- **WHAT YOU ARE ASKED TO DO**:
Within the records that follow, restate exactly the lines from the line with "천황사를 지나고 얼음골 관리사무소 앞으로 내려서는 것으로 산행을 마무리한다." down to the line with "Abstract glowing digital", including both. Omit the pictures.

- **DATA FOR REVIEW**:
Start of Block

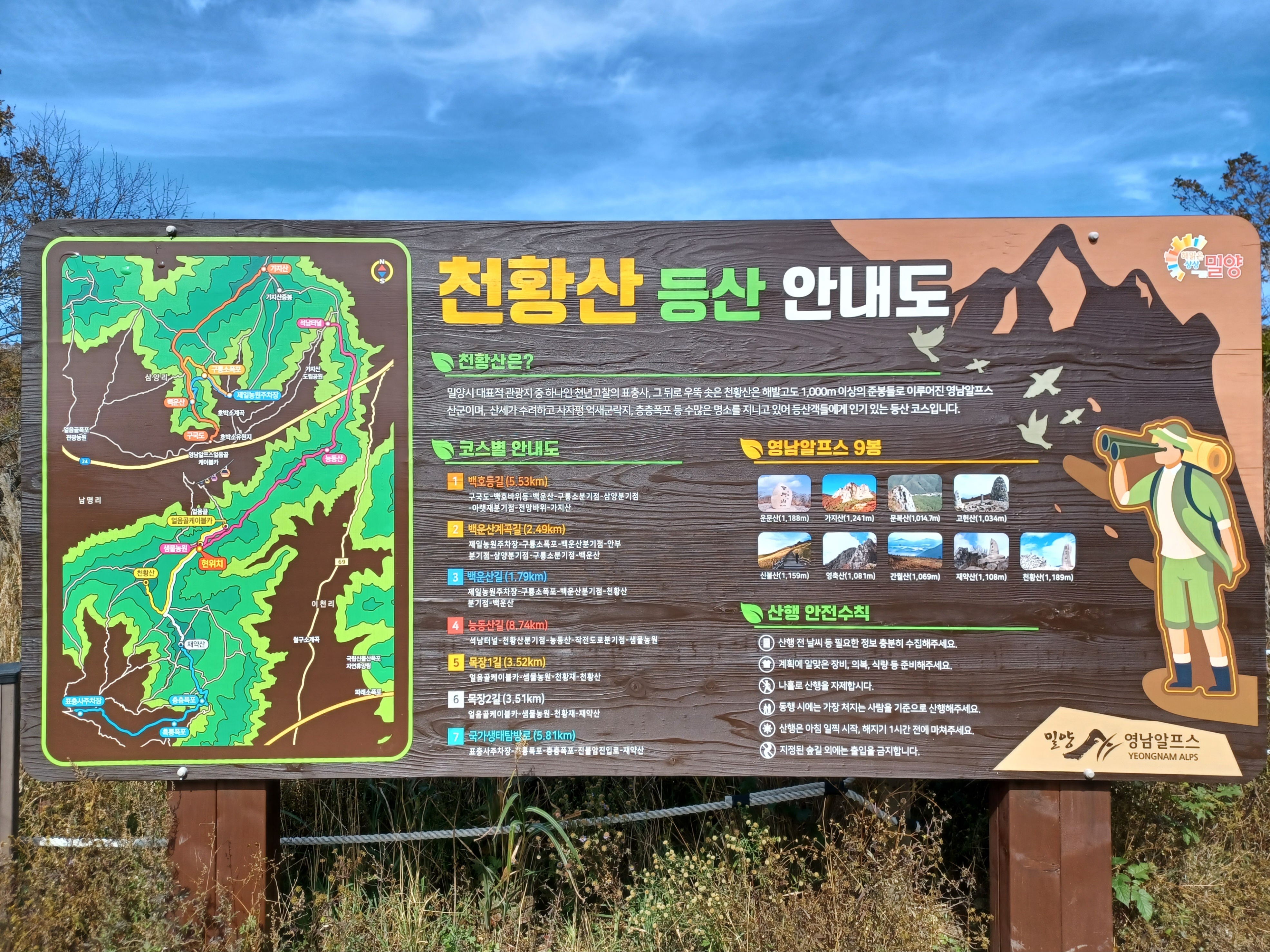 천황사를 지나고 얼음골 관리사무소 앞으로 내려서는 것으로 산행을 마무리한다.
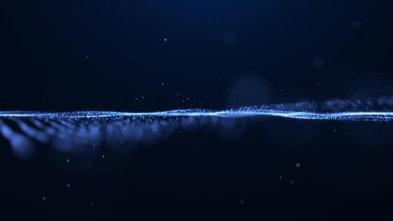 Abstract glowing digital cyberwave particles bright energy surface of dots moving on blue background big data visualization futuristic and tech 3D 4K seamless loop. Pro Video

End of Block
Start of Block

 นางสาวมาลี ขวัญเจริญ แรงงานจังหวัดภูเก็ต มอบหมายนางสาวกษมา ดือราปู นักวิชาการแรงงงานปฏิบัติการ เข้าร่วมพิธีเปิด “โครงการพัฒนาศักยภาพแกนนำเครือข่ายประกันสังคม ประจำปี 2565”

End of Block

- **EXERCISE OUTPUT**:
 천황사를 지나고 얼음골 관리사무소 앞으로 내려서는 것으로 산행을 마무리한다.
 Abstract glowing digital cyberwave particles bright energy surface of dots moving on blue background big data visualization futuristic and tech 3D 4K seamless loop. Pro Video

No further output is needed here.